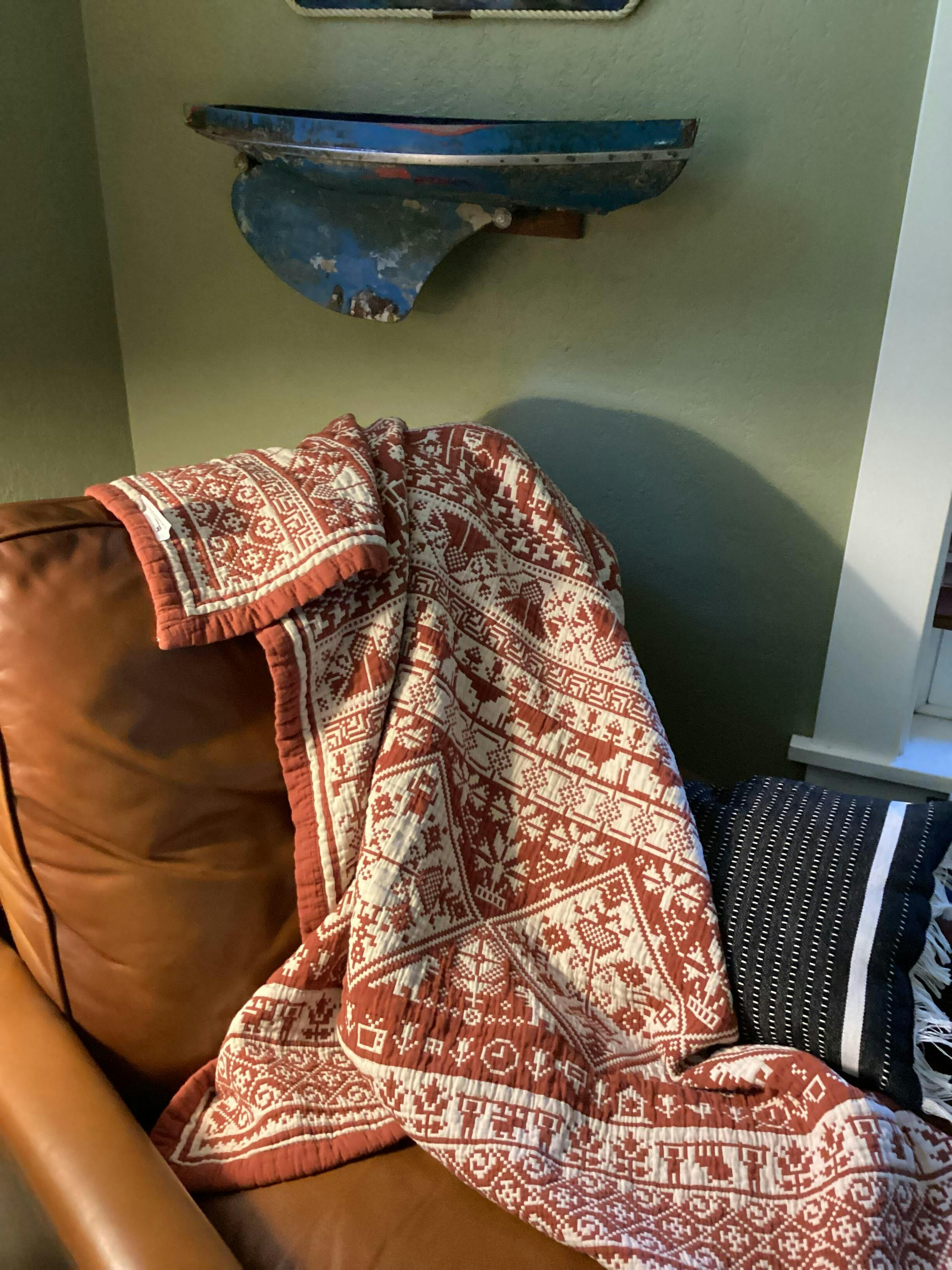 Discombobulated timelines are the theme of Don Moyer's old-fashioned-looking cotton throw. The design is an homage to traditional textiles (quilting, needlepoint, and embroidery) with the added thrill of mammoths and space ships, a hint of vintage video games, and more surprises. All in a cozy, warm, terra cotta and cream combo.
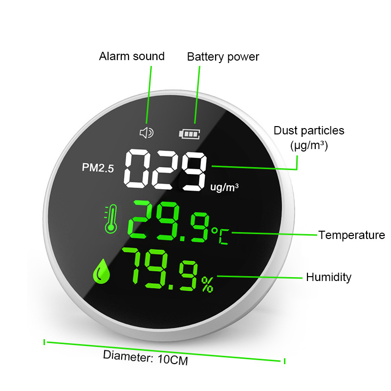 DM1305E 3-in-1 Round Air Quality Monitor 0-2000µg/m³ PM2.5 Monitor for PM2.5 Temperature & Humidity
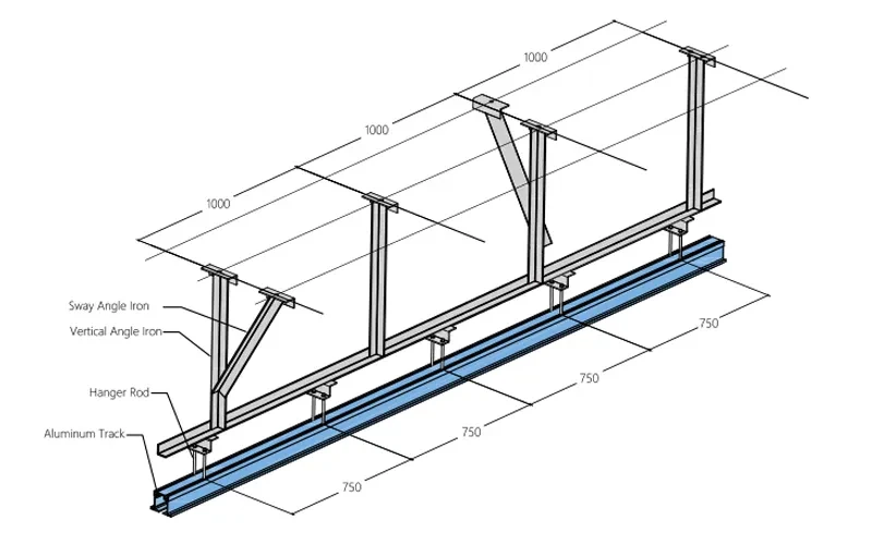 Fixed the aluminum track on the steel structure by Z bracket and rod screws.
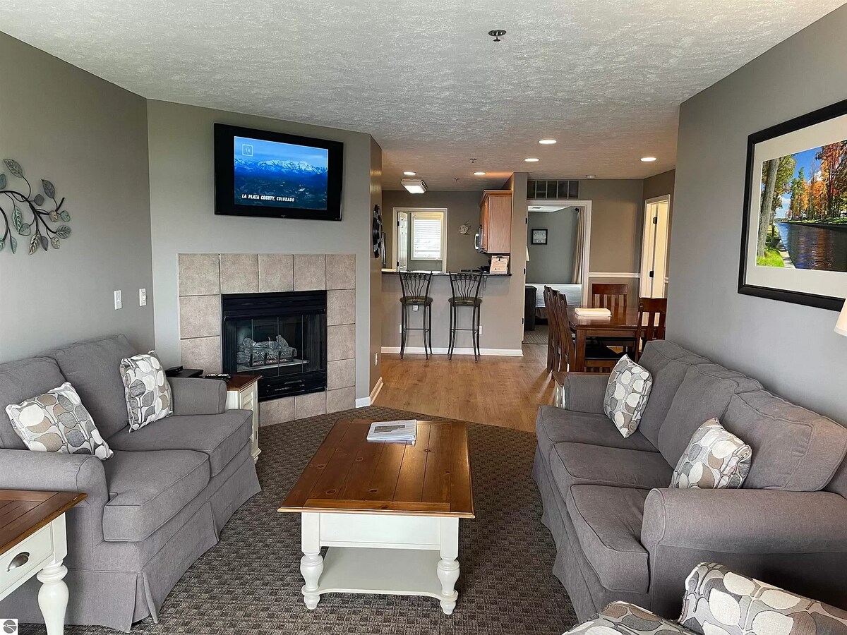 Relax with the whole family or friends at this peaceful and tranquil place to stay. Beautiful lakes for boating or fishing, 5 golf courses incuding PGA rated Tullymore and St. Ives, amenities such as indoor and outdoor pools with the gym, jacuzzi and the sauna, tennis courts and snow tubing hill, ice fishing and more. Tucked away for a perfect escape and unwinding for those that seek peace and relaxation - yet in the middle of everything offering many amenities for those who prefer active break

== What you will do ==
Beginning with the line that contains "DM1305E 3-in-1 Round", write out the lines of the material above exactly, and end with the line that contains "Fixed the aluminum". Omit the pictures.

== Written response ==
 DM1305E 3-in-1 Round Air Quality Monitor 0-2000µg/m³ PM2.5 Monitor for PM2.5 Temperature & Humidity
 Fixed the aluminum track on the steel structure by Z bracket and rod screws.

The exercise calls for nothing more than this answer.